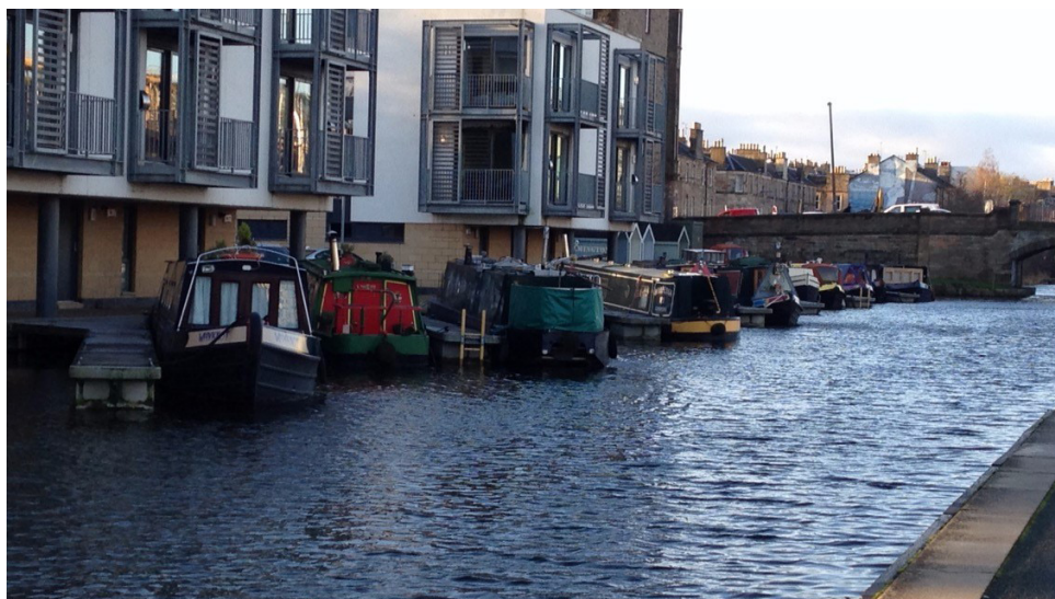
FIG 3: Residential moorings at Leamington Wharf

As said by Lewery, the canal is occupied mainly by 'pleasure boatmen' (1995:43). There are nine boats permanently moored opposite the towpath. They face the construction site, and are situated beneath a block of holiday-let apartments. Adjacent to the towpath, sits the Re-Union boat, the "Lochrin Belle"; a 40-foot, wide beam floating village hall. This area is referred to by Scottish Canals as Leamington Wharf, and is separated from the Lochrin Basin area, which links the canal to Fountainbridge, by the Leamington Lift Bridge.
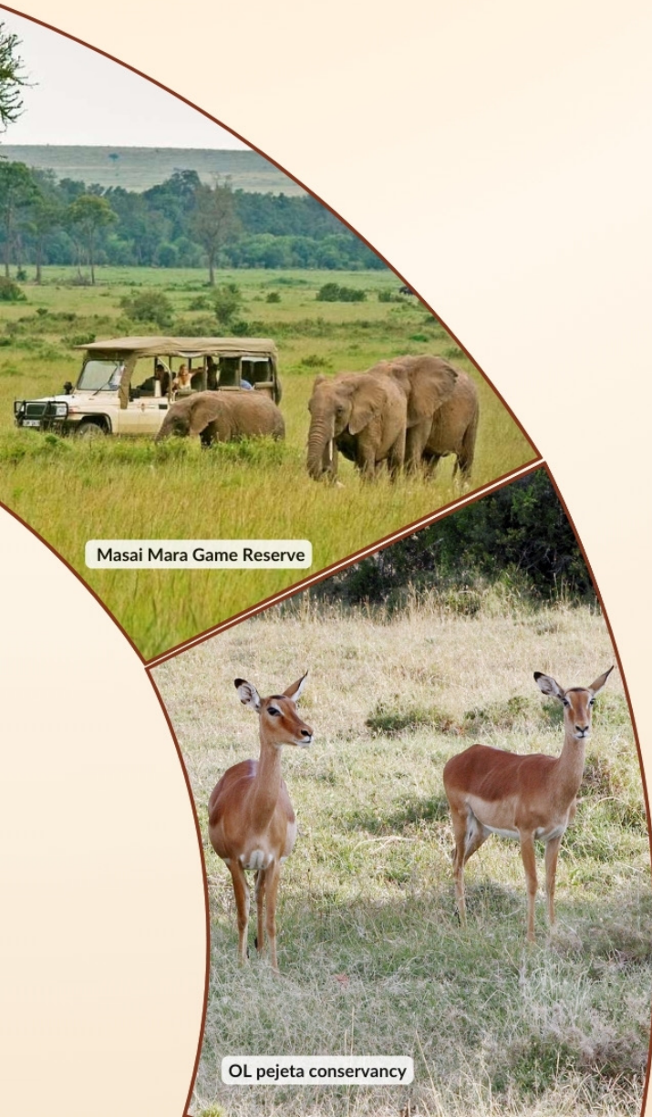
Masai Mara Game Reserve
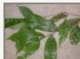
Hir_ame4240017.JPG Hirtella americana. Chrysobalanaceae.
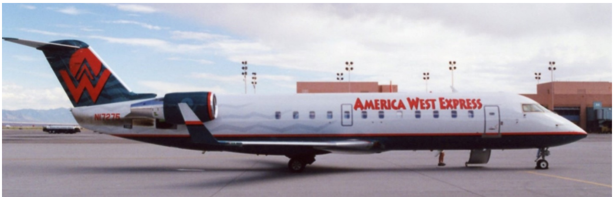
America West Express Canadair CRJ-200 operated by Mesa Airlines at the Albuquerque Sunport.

* * *

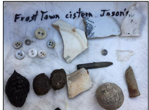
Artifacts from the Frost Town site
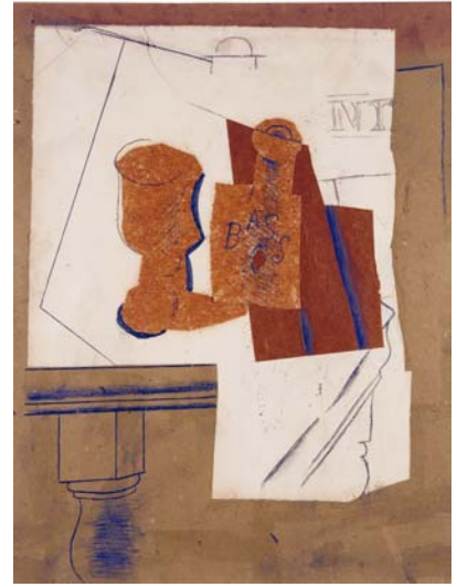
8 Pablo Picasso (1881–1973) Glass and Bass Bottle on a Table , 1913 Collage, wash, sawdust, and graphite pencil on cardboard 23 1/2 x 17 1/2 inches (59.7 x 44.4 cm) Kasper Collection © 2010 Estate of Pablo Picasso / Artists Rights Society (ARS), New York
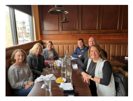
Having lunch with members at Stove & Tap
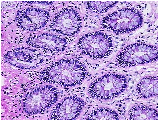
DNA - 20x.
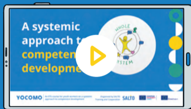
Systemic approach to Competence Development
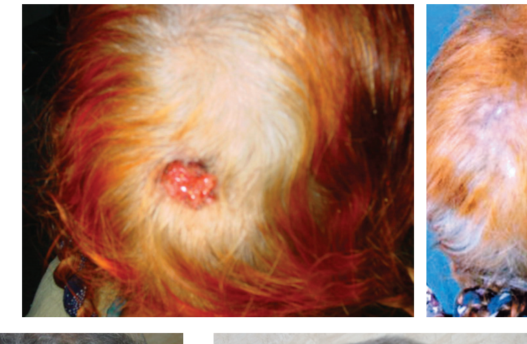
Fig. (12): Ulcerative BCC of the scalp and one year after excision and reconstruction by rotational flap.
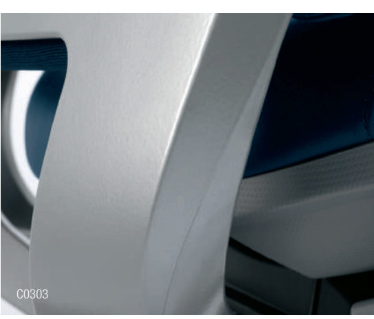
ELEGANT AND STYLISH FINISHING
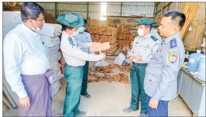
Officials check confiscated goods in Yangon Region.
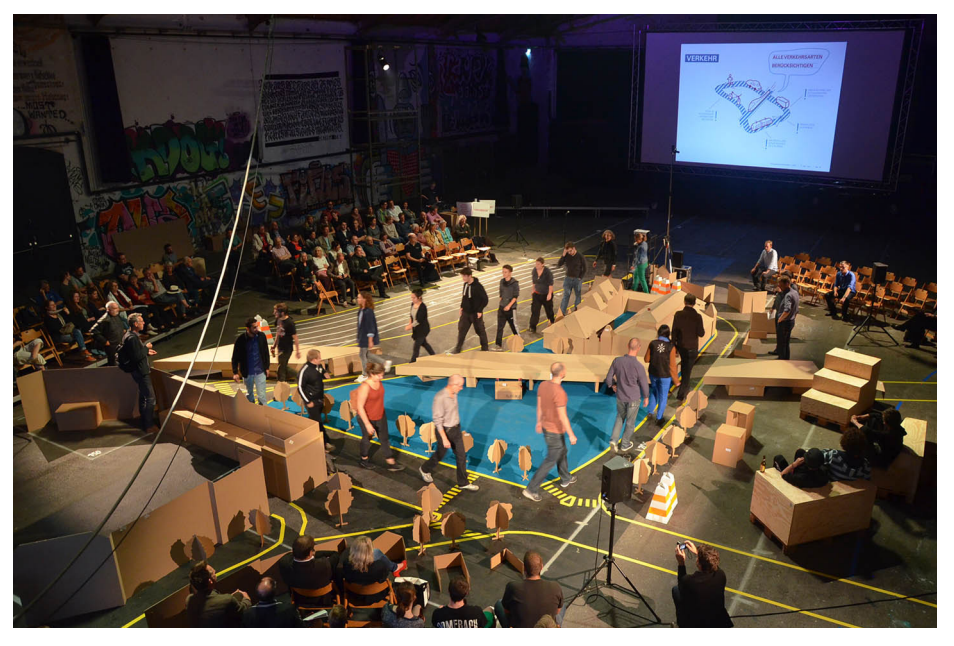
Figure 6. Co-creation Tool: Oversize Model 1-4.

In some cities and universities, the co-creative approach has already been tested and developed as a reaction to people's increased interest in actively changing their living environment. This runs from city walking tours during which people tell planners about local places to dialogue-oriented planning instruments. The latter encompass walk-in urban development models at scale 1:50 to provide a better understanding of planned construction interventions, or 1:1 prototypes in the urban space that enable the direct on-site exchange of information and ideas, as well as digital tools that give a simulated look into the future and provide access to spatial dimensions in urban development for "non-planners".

§ What you have to do
Would you write out exactly the lines above, starting at the line containing "Having lunch with members at Stove & Tap" and stopping after the line containing "In some cities"? Omit the pictures.

§ Completed task
Having lunch with members at Stove & Tap
DNA - 20x.
Systemic approach to Competence Development
Fig. (12): Ulcerative BCC of the scalp and one year after excision and reconstruction by rotational flap.
ELEGANT AND STYLISH FINISHING
Officials check confiscated goods in Yangon Region.
Figure 6. Co-creation Tool: Oversize Model 1-4.

In some cities and universities, the co-creative approach has already been tested and developed as a reaction to people's increased interest in actively changing their living environment. This runs from city walking tours during which people tell planners about local places to dialogue-oriented planning instruments. The latter encompass walk-in urban development models at scale 1:50 to provide a better understanding of planned construction interventions, or 1:1 prototypes in the urban space that enable the direct on-site exchange of information and ideas, as well as digital tools that give a simulated look into the future and provide access to spatial dimensions in urban development for "non-planners".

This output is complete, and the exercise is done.